The Hills Have Eyes 2

Bad-Ass Dog: 10/10

Predictability: 9/10

Disgusting Mutants: 2/10

Sequels!  Always with the sequels!  I was actually asked to watch The Hills Have Eyes 3, but after an extensive search(I just looked on IMDB), I have come to the conclusion that the movie in question does not exist(Lethal Weapon 5!).  This being the case, I can only assume that I am supposed to watch The Hills Have Eyes 2, a bad follow-up to a bad movie that was remade to be a worse follow-up to an even-worse-still movie.  If you thought that didn’t make sense, then we are on the same page.  Make no mistake, however: I’m dealing in original movies here.

For those who didn’t see the first one, or missed the horrible remake, here’s the rundown: a family on vacation breaks down in the middle of the desert and is attacked by a tribe of cannibals that have been mutated by the nuclear tests that have gone on in the area.  One guy and a baby survive the ordeal, as well as one of the mutants who decides to become a good guy.  Lastly, the family dog(a German Shepherd named “Beast”) runs around kicking ass, and makes it out alive, too.

In this next chapter, it’s 8 years later, and the mutant(a girl named Ruby) has become a productive member of society.  When Billy, the survivor from the first movie, refuses to go into the desert with his BMX team, Ruby steps up and says that she can run the show with little problems.  Everybody gets on a bus(including 8-year-older and 8-year-wiser Beast!) and heads into the desert, where a random shortcut finds them(wait for it…………………………………………..) stranded in the desert.  Ruby thinks she sees her brother(thought to be dead), and suddenly people start disappearing one-by-one.

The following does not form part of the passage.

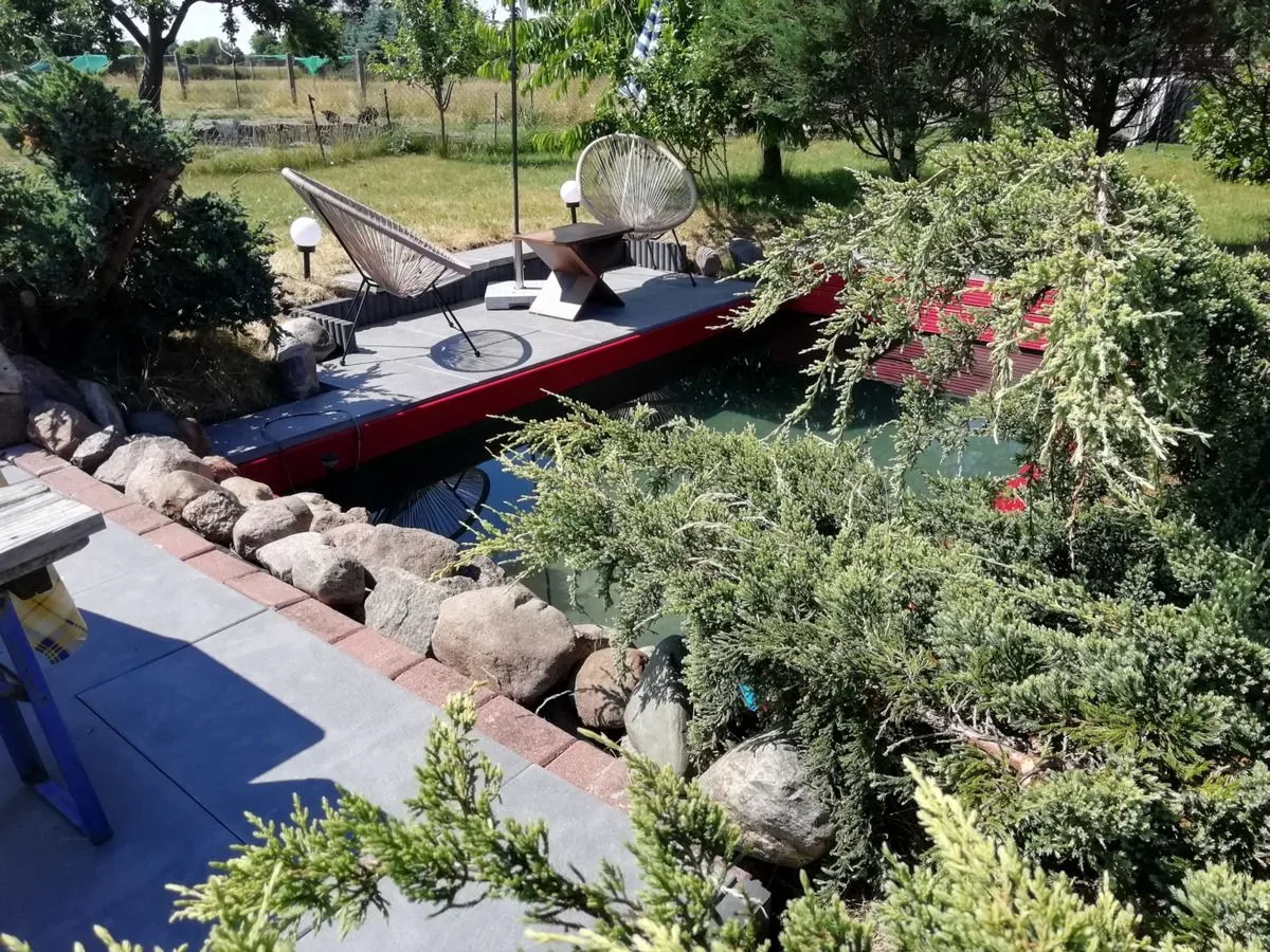 Die Küche hat eine Tür zur lichtdurchfluteten Terrasse im Garten – gesäumt von Blumenrabatte und Goldfischteich. Sonnenschirm, Tisch und 4 Stühle stehen zur Verfügung. Hinter dem Haus in der Wiese gibt es einen Grillplatz mit Erfrischungsbassin, 90 cm tief, und Fontaine. Das Becken wird regelmäßig gereinigt. An heißen Sommertagen hopsen Sie einfach ins kalte Wasser oder lassen die Beine hinein baumeln. Es gibt übrigens auch eine Gartendusche. Im Schuppen steht eine Tischtennisplatte, die benutzt werden darf. Kellen und Bälle sind vorhanden. Ihren PKW können Sie auf dem Grundstück parken.

Scary-looking or Funny-looking?

There’s nothing really shocking from this point on.  All of the deaths are pretty straight-forward stabbin’s, smashin’s, or breakin’s for the most part, and there isn’t a whole heck of a lot of gore, either.  Ruby’s brother, Pluto, is working for Uncle Jupe’s(the bad guy from the first movie) older, more retarded brother, Reaper, and is apparently doing alright for himself.  When he tries to put Ruby in her place, she is saved by Pluto’s worst nightmare-Beast.  He nearly killed Pluto in the first movie, and after Beast has a little flashback, he’s ready to finish the job(like a good boy!).  He chases Pluto around for a bit, and then pushes him off a cliff!  How badass is that?  On a scale of “Good” to “Great”, that’s somewhere around “F*** Yeah!”  Meanwhile, a blind girl and the only surviving dude take on Reaper, who is apparently immune to explosions, but not to falling down mine shafts.  The hills can finally rest their eyes for a little while, I suppose.

I don’t think this movie was that bad, when you get down to it, but I by no means think it was that good, either.  It was just…there.  I couldn’t really be scared of Pluto running around and talking like a child(if anything, I was just happy for that guy finding an acting job with his…..condition), and I couldn’t be scared of Reaper because he reminded me of Harry from “Harry and the Hendersons”(awesome show reference, Bob).  I thought that Ruby switching sides for the sequel was a genius move; other than that and the return of Beast, everything else didn’t matter.  Only watch this if you are a die-hard horror fan and need to see everything ever made.  Otherwise, you will be disappointed.

Thanks again to Vince for the suggestion!  I don’t know if this was the right movie, and I don’t know if you wanted me to watch the original or the remake, but whatever.  It’s done, and I can always do a “Movie Remake Remix” later with the new ones.  Until next time, you all watch bad movies….and I’ll watch bad movies…..and we’ll see who goes crazy first.

If anyone was wondering who the weird-looking guy from The Hills Have Eyes is, his name is Michael Berryman-horror movie badass.